Comme toujours, je me suis attardé en chemin : il n’y a de gagné que le temps que l’on perd. C’est un enchantement que ces promenades dans les souks de Fès. Je n’en connais pas d’aussi beaux, même à Damas que j’aime tant et le séduisant Mouski du Caire n’est plus par comparaison qu’un bazar. C’est une joie de se perdre dans ces ruelles d’ombre et de lumière où les dais de roseaux tamisent le soleil. Chaque regard devient un souvenir. Minarets qu’on croirait revêtus d’émail vert, chaires précieuses des mosquées qu’on admire du dehors, entre deux têtes de mendiants, palais déchus dont le pavement de mosaïque fut défoncé par le charroi, mais qui gardent toujours leurs stalactites de stuc et des dentelles de cèdre, fontaines de faïence polychrome, et ces vasques où vont boire de roucoulants ramiers. Devant les treize cloches muettes de Bou-Inania, qui se rouillent contre des boiseries vieilles de six siècles, et à la médersa voisine, dont la porte est plaquée de bronze et les marches bordées d’onyx, les touristes font halte et feuillettent leur guide, plus occupés à lire qu’à regarder, et tourmentés par la crainte de manquer une curiosité, puis ayant découvert les latrines que le Baedecker signale d’une astérisque, ils partent à la recherche de ce monument classé. Tandis qu’ils prennent leurs photos, avec l’inévitable ânier arabe au premier plan, je disparais dans la foule indigène.
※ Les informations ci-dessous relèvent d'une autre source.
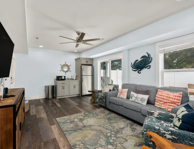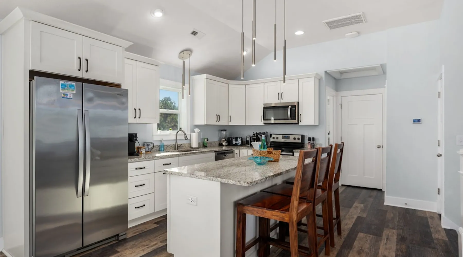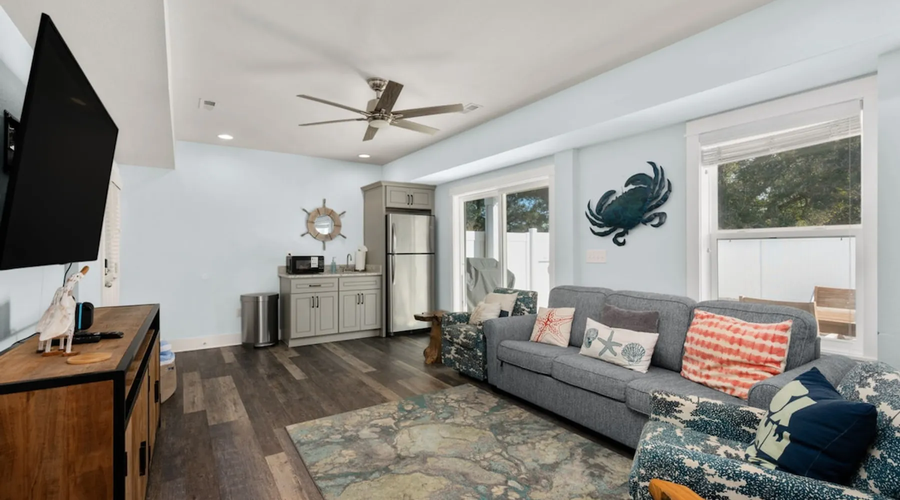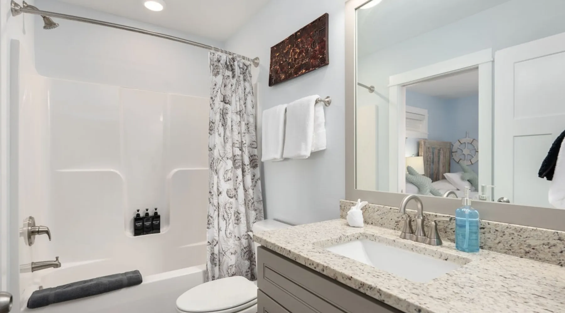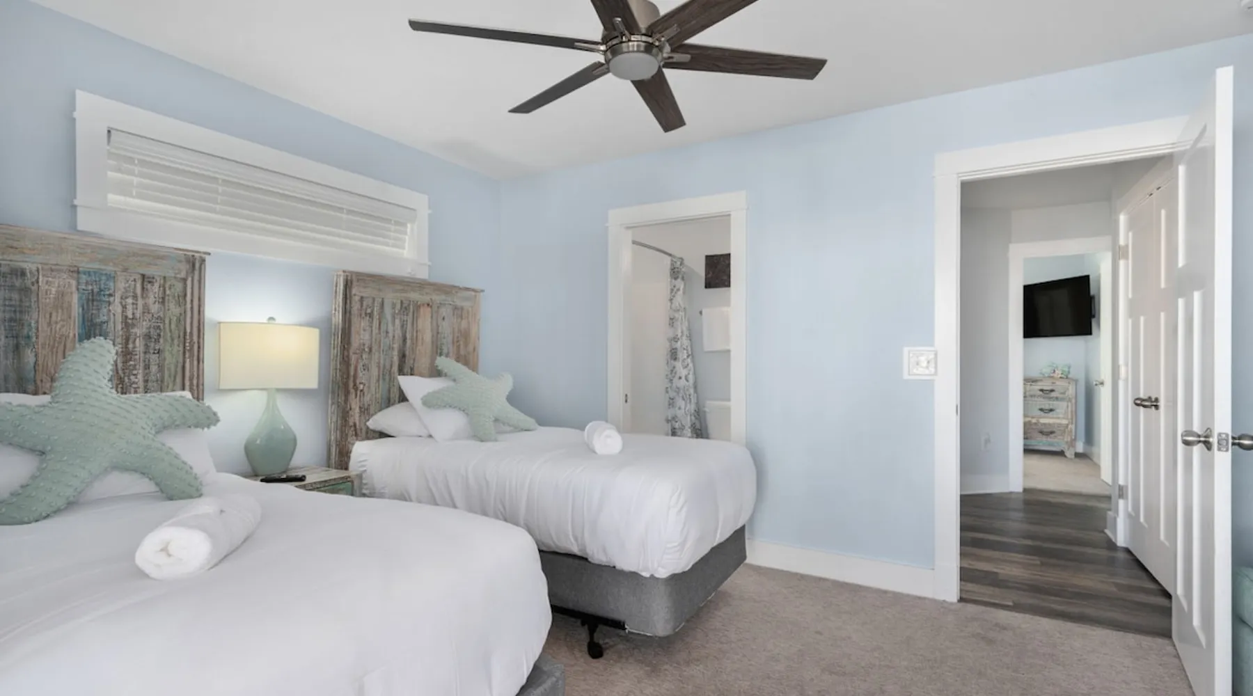Welcome to our Spectacular Sunset Beach House, your ideal Outer Banks escape located in beautiful Corolla. This spacious 2600 sq ft 3 story home comfortably sleeps up to 15 overnight guests & was thoughtfully designed to bring families, friends & beach lovers together. Enjoy the convenience of a private garage plus driveway parking making arrivals & beach days a breeze. With a private pool deck, game room, multiple suites & generous family amenities, it’s a perfect home base for an OBX adventure The space ✨ Lower Level – Game Room + Direct Pool Access Enter through a split-level foyer and head downstairs into a bright, entertainment-ready space featuring: • Game room with Smart TV, Nintendo Switch 2 with pre-loaded with games including Mario Kart, NBA 2K26, and Madden 26, & plenty of board games • Comfy couch with a queen fold-out bed • Kitchenette with fridge, microwave & BBQ utensils • Private king bedroom with Smart TV • Full bathroom Step outside to your private pool deck, complete with: • Swimming pool (Please note: the pool is closed and covered November–April) • Hot tub (heat included with your stay) • BBQ grill with propane tanks • Outdoor dining table • Outdoor shower ✨ Second Level – 3 Bedrooms + Laundry This level offers comfort and convenience for groups of all sizes: Bedroom 1 – Twin Room • Two twin beds • Fold-out twin couch/bed • Shared Jack & Jill bathroom • Smart TV Bedroom 2 – Bunk Suite • Full-over-full bunk bed • Additional full trundle • Private attached bathroom • Smart TV Bedroom 3 – King Suite • King bed • Walk-in closet • Private bathroom with walk-in shower • Smart TV A fully stocked laundry room includes: • Washer & dryer • Complimentary pods & dryer sheets • Iron & ironing board ✨ Top Level – Kitchen, Living, Dining + Master Suite Gather on the top floor in a wide-open, light-filled setting designed for connection: • Large, fully equipped kitchen with all cookware & appliances you need • Spacious dining area • Comfortable living room with abundant seating • Additional hallway bathroom • Primary master bedroom with a plush king bed and Smart TV 👶 Family-Friendly Features As parents of young children, we know how much easier traveling can be when the home is prepared for it. That’s why we offer: • Pack ’n Play + crib sheets • High chair • Baby gate • Kids’ step stools • Baby monitors • Kid-friendly plates, cups, bowls & utensils • Books, games & puzzles • Any bedroom has enough space to set up the Pack ’n Play. ✨ Community Perk – Water Access at the Neighborhood Pier Guests also enjoy access to the community pier located at the end of the street, open to all residents on the street. It’s the perfect spot for: • Catching sunrise or sunset • Crabbing or fishing (a valid North Carolina Coastal Recreational Fishing License may be required) • Enjoying peaceful soundside views 🌊 Your OBX Getaway Awaits From lively game nights to peaceful mornings on the top floor with coastal breezes drifting through, Spectacular Sunset Beach House at Cruz Bay is the perfect home for families and friends to relax, connect, and create unforgettable memories in the Outer Banks. Guest access 🚪 Complete Access & 🔐 Easy Check-In: As our esteemed guests at Spectacular Sunset Beach House, you will enjoy complete access to the entire property during your stay. Embrace the freedom and privacy of this luxurious retreat without any restrictions. For a smooth, hassle-free arrival, we provide a secure door code for easy self check-in. 🚗 Parking: Enjoy convenient parking for up to 5 vehicles — 1 in the private garage and up to 4 in the driveway. 🏖️ Beach Access: The home is just a 10-minute walk to the beach, making it easy to enjoy Corolla’s beautiful coastline anytime. 📘 Digital Guidebook: Upon confirming your booking, you will receive a comprehensive digital guidebook with essential property information, parking details, amenity instructions, and curated recommendations for attractions and dining to help you make the most of your stay. Other things to note 🎮 Game room with Smart TV & Nintendo Switch 2 Enjoy a Nintendo Switch 2 loaded with Mario Kart, NBA 2K26, and Madden 26. 🔒 Please note: The console is locked into the base station for security purposes. This means: • It cannot be removed, • Guests cannot insert their own games, and • Only the pre-loaded games are available for use. 🐾 Pet-Friendly Accommodations We welcome one dog only (up to 60 lbs) for a $200 pet fee. This covers extra hair cleanup. Please note: Additional $200 fee if waste (urine/feces) is found • Guests must clean up after their dog • Pets may not be left unattended (to prevent barking issues) • Dogs are not allowed in the pool • Please let us know in advance if you’re bringing a dog ⚠️ Important House Notes • No adhesives on walls • No tape, hooks, stickers, or other materials that can cause damage. • No glitter- glitter is extremely difficult to clean and can permanently affect surfaces. 🐜 Pests • Corolla has harmless Midges, which look similar to mosquitos but do not bite. They’re a protected species in Corolla and are attracted to light, so please keep doors closed and outdoor lights off when possible. • Snakes from nearby marshes are occasionally spotted—if you see one, contact us immediately and we’ll arrange for removal. • Bug spray is recommended for outdoor enjoyment.

Je connais déjà tous les bric-à-brac du souk de Tala, leurs cuivres cabossés, leurs aiguières qui fuient. Je m’arrête aussi aux éventaires des bijoutiers juifs où des femmes voilées marchandent des mains de fathma. Je passe en revue les étalages d’écharpes en tulle d’or et de pantalons brodés, puis les devantures du Souk Attarine, parfumées d’aromates, tendues de soieries et de cotonnades, égayées de bougies de toutes les couleurs, et je brave la bousculade de la Kisaria rien que pour revoir les notaires musulmans, installés devant la grande mosquée, qui copient gravement des requêtes au cadi, accroupis sur le pupitre qui leur tient lieu d’étude, si bien qu’on les dirait coupés en deux.
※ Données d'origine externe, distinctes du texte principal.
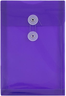 JAM Paper Open End Button & String Closure Envelopes are a great way to keep your documents protected and easy to find. Made from smooth semi-translucent plastic, these envelopes are water, scratch, and tear resistant, constructed to safely secure and protect important documents from the elements. They measure 6.25 x 9.25 inches and have a 1-inch expansion. This envelope features a button string closure to help seal and secure smaller papers. Their size also makes these envelopes very practical; they easily fit in drawers, desk organizers, shelves, or in bags and briefcases if you need them on the go. Great to use for organizing small documents, memos, photos, coupons, receipts or to help you keep a project neatly together! This plastic open end envelope comes in the color Purple.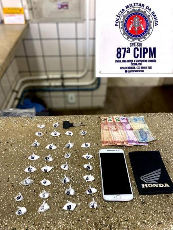 A 87ª Companhia Independente da Polícia Militar (CIPM) prendeu na tarde desta sexta-feira (17), um homem de 18 anos por tráfico de drogas na Praça Joana Angélica, no bairro São José, em Teixeira de Freitas.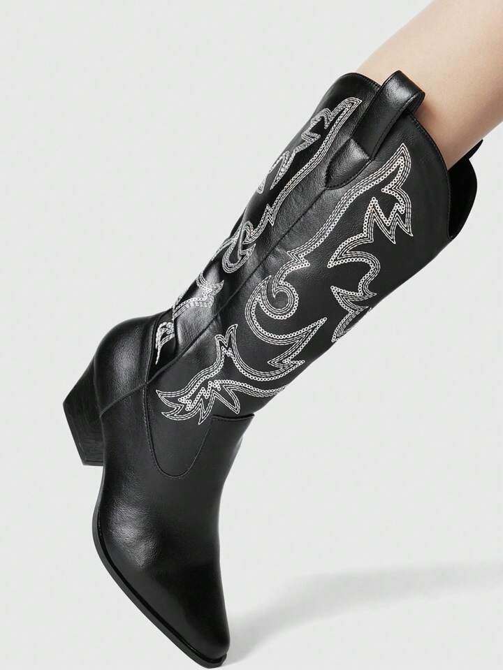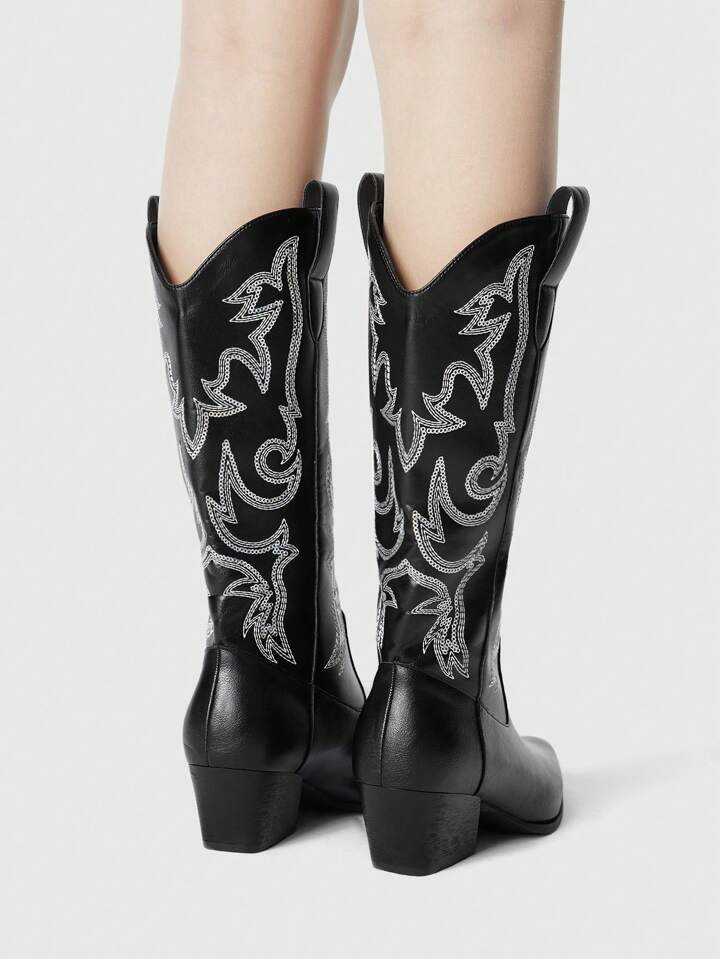 Fairycore Women Graphic Totem Embroidery Pointed Toe Low Heel Hippie Western Boots, PU Black Knee-High Boots For Daily Cowgirl Style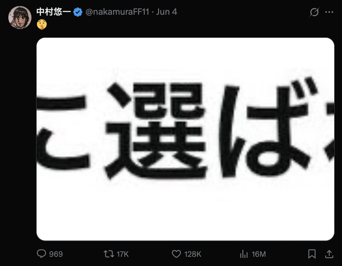 不過,中村於周二(3日)就在X發布了一張螢幕截圖,截圖中只有「選」一字,令網民猜測他是否成功抽到Switch 2的購買名額。而翌日(4日)他又發布了另一張螢幕截圖,今次的截圖就有「に選ば」的字樣,有同樣抽到購買名額的網民就貼出自己的購買確認信,表示信息與中村的螢幕字眼相似,推測中村今次終於抽到Switch 2。

Cela paraît étrange : personne ici n’a de jambes. Rien que des troncs posés d’aplomb au milieu de l’échoppe, et des bras nonchalants qui pèsent à contrecœur ou rendent la monnaie. Le rêve de tous ces soukiers, c’est de passer du comptoir à la mule sans se servir de leurs pieds. Et le mégissier plus ingénieux que les autres, jette ses peaux de moutons sur le sol, afin que la foule les assouplisse en piétinant, si bien qu’il a l’illusion de travailler en regardant défiler les passants. Pas de jambes au gargotier qui souffle sur ses braises, pas de jambes à cet épicier flasque et chantonnant qui doit prier Dieu qu’aucun client ne vienne lui acheter du sucre, pas de jambes aux tisserands qui croisent leurs fils sans lever le nez, tandis que des gamins fichés devant eux dévident distraitement l’écheveau, en attendant de s’amputer à leur tour. Quant aux mendiants, poussés le long des murs comme des pieds de vigne, ils mourraient certainement si on les déplantait et c’est pour qu’ils ne crèvent pas qu’on les arrose avec des sous.
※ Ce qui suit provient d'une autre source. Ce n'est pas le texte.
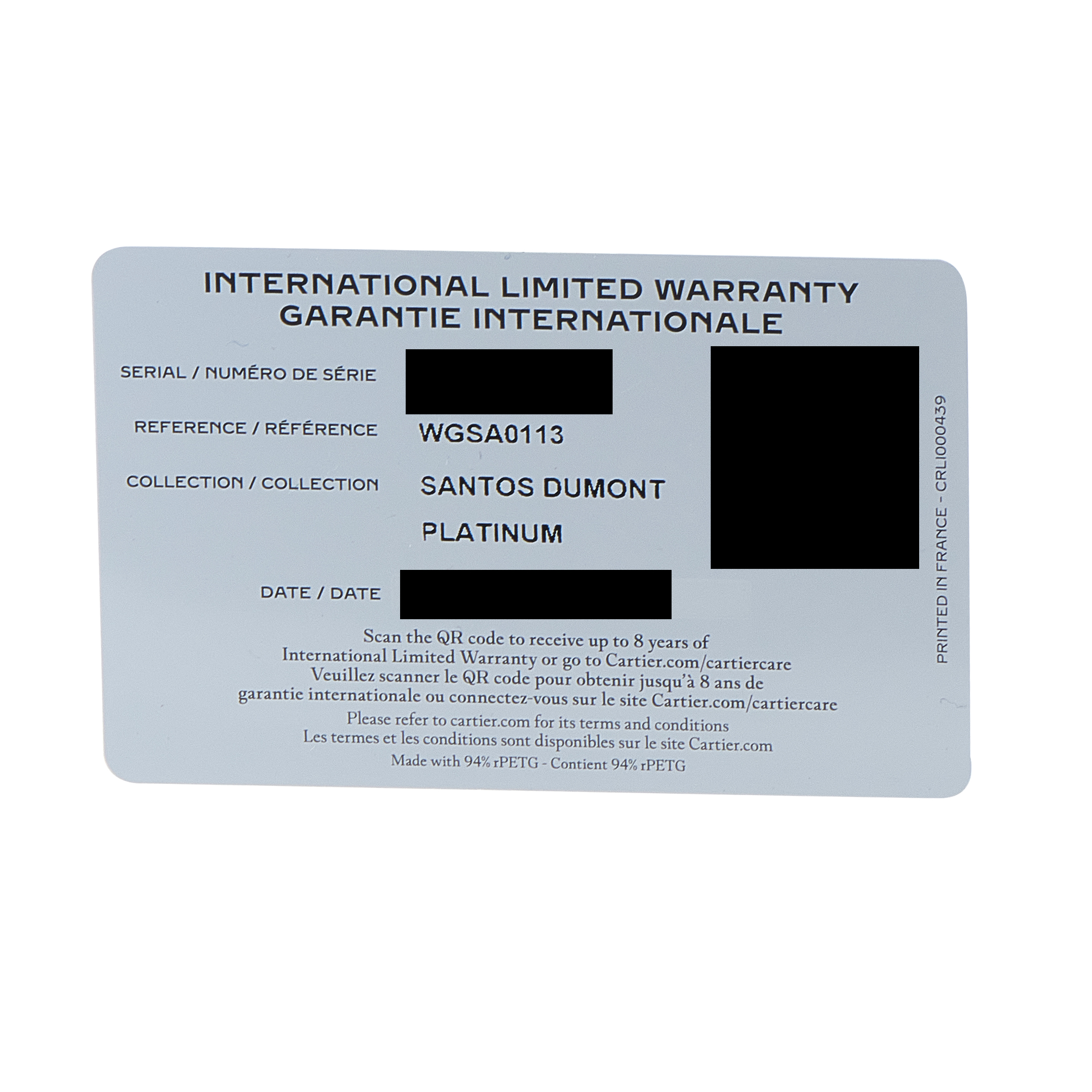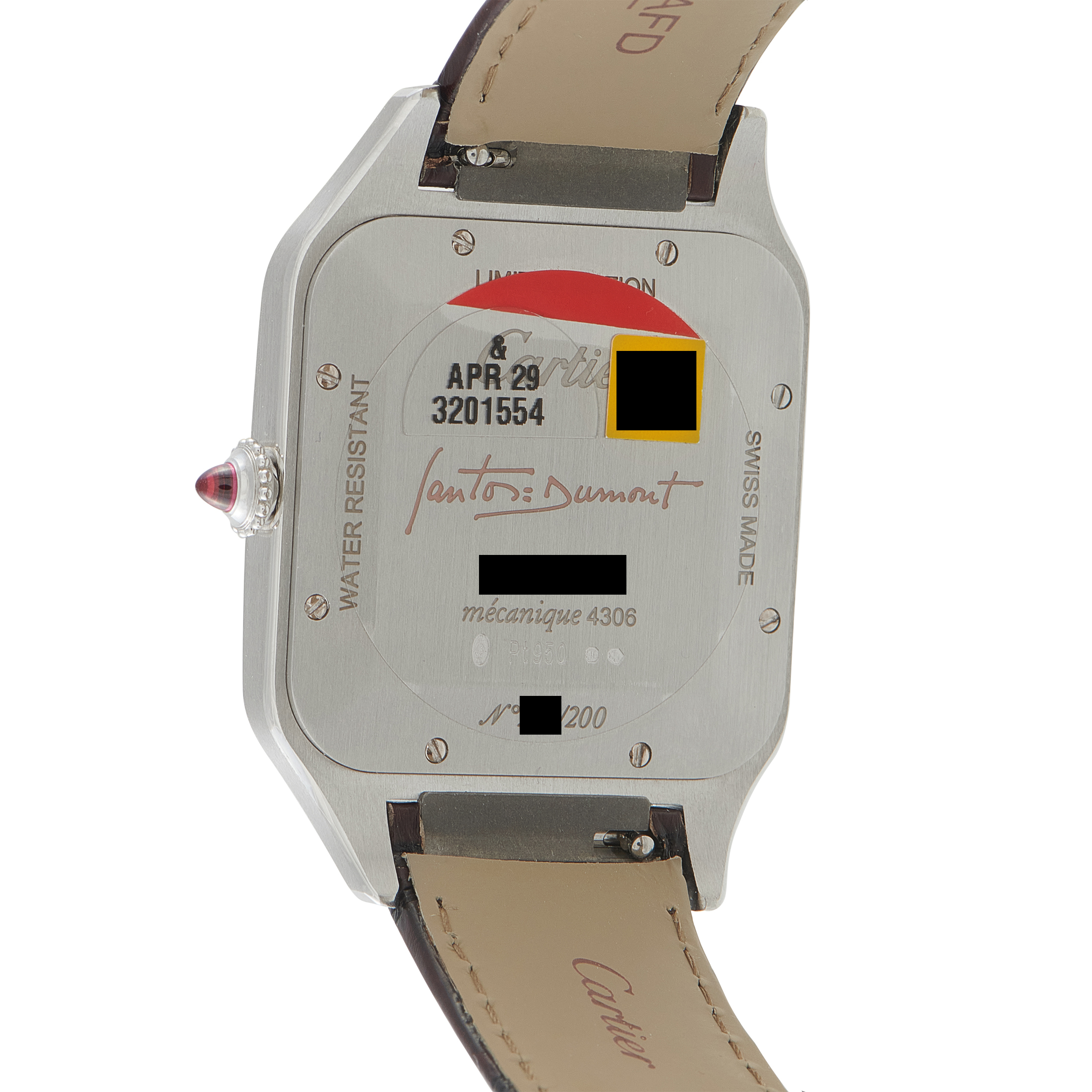 Limited to 200 numbered pieces, the Cartier Santos-Dumont XL WGSA0113 closes the series with this example marked 200/200. The extra-large platinum case measures 46.6 × 33.9 mm, carrying strong vertical lines, offset by a beaded crown set with a faceted ruby. Its copper-toned dial, warm and metallic, provides depth without distraction. The face is framed by slim, elongated Roman numerals and a railway-style minute track at the periphery. Inside is the manual-winding Calibre 430 MC, offering approximately 38 hours of power reserve.

J’aime tout ce que je découvre. Ce vieux mûrier qui ombrage une placette, l’atelier primitif du fabricant de peignes, l’antre d’un forgeron où s’agitent des ombres et ces patios, serrés entre de hautes murailles, qui sont pareils à des puits de clarté. Ici m’attire une vasque de marbre murmurant d’eau fraîche, plus loin, le nez levé, je regarde une cigogne qui claque du bec au bord d’un toit. Ou, sur une terrasse, des laveuses qui chantent, pressant le linge sous leurs pieds nus.

Des gamins me bousculent, portant sur leur tête des plateaux de pain fumant. Puis le marchand d’eau agitant sa clochette, l’âne du charbonnier, avec ses couffins noirs, les habitués de la vente aux enchères qui repartent chargés de babouches en piles et de haïks à bon marché. Après, ce sont les aveugles qui m’assaillent, toujours par deux ou trois, tendant leur sébile :  « Faites la charité à ceux qui ne voient pas la lumière ! » Ceux-là, j’en suis certain, se dirigent à l’odeur. Ils ont senti de loin les fritures du « souk où l’on mange » et le mouton qui rôtit dans de petits fours d’argile. Rien qu’en tendant les narines, ils savent que le cuir est à gauche, la menthe tout droit. Si je leur demandais mon chemin ? Mais l’officier interprète vient me faire signe : nous approchons.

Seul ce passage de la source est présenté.